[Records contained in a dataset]
========================

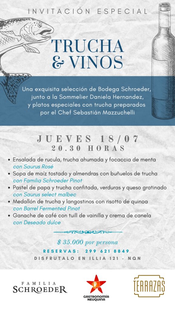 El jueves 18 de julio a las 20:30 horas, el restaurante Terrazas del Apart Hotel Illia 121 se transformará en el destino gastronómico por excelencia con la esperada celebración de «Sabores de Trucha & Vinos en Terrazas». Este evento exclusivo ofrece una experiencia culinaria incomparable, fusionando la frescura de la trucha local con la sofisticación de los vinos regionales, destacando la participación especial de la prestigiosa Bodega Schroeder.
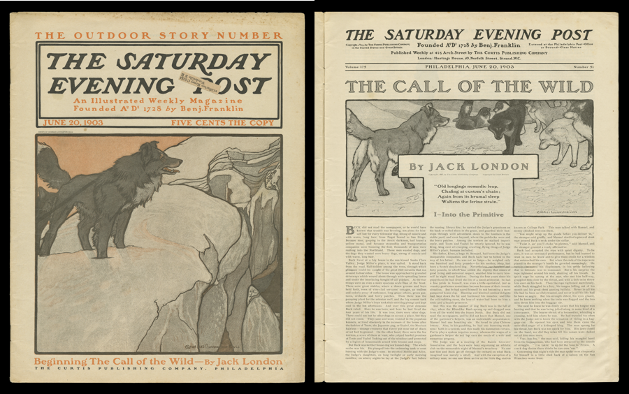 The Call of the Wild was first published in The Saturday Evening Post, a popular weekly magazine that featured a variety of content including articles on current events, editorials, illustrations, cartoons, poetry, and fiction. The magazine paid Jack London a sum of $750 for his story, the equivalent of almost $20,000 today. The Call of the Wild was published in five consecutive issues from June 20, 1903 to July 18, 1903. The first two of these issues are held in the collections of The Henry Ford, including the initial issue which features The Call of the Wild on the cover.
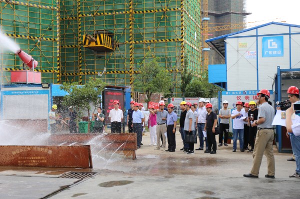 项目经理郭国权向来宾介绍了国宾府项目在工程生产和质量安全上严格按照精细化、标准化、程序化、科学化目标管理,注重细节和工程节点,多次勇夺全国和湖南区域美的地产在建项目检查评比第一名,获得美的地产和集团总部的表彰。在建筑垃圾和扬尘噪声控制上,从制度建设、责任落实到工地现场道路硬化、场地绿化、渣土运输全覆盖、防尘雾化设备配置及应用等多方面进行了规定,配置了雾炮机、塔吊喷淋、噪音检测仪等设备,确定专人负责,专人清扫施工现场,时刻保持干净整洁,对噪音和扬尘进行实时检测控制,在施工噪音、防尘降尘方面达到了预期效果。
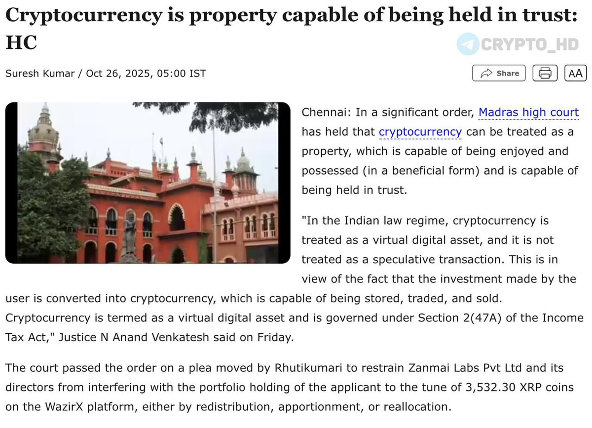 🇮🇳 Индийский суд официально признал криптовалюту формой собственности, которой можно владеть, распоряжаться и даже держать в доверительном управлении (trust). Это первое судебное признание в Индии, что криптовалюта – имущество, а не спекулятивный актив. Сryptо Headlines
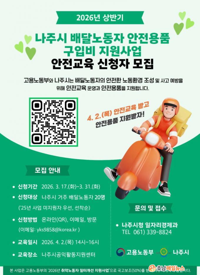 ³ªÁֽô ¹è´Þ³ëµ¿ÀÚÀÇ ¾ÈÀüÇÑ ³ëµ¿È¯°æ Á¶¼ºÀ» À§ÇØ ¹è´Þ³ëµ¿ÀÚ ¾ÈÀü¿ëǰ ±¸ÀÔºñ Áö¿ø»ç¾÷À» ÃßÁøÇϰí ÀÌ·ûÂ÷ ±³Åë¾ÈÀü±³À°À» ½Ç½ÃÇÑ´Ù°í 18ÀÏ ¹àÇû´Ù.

========================

# TASK GOAL:
All records should be output exactly, with the pictures left out.

# EXPECTED ANSWER:
 El jueves 18 de julio a las 20:30 horas, el restaurante Terrazas del Apart Hotel Illia 121 se transformará en el destino gastronómico por excelencia con la esperada celebración de «Sabores de Trucha & Vinos en Terrazas». Este evento exclusivo ofrece una experiencia culinaria incomparable, fusionando la frescura de la trucha local con la sofisticación de los vinos regionales, destacando la participación especial de la prestigiosa Bodega Schroeder.
 The Call of the Wild was first published in The Saturday Evening Post, a popular weekly magazine that featured a variety of content including articles on current events, editorials, illustrations, cartoons, poetry, and fiction. The magazine paid Jack London a sum of $750 for his story, the equivalent of almost $20,000 today. The Call of the Wild was published in five consecutive issues from June 20, 1903 to July 18, 1903. The first two of these issues are held in the collections of The Henry Ford, including the initial issue which features The Call of the Wild on the cover.
 项目经理郭国权向来宾介绍了国宾府项目在工程生产和质量安全上严格按照精细化、标准化、程序化、科学化目标管理,注重细节和工程节点,多次勇夺全国和湖南区域美的地产在建项目检查评比第一名,获得美的地产和集团总部的表彰。在建筑垃圾和扬尘噪声控制上,从制度建设、责任落实到工地现场道路硬化、场地绿化、渣土运输全覆盖、防尘雾化设备配置及应用等多方面进行了规定,配置了雾炮机、塔吊喷淋、噪音检测仪等设备,确定专人负责,专人清扫施工现场,时刻保持干净整洁,对噪音和扬尘进行实时检测控制,在施工噪音、防尘降尘方面达到了预期效果。
 🇮🇳 Индийский суд официально признал криптовалюту формой собственности, которой можно владеть, распоряжаться и даже держать в доверительном управлении (trust). Это первое судебное признание в Индии, что криптовалюта – имущество, а не спекулятивный актив. Сryptо Headlines
 ³ªÁֽô ¹è´Þ³ëµ¿ÀÚÀÇ ¾ÈÀüÇÑ ³ëµ¿È¯°æ Á¶¼ºÀ» À§ÇØ ¹è´Þ³ëµ¿ÀÚ ¾ÈÀü¿ëǰ ±¸ÀÔºñ Áö¿ø»ç¾÷À» ÃßÁøÇϰí ÀÌ·ûÂ÷ ±³Åë¾ÈÀü±³À°À» ½Ç½ÃÇÑ´Ù°í 18ÀÏ ¹àÇû´Ù.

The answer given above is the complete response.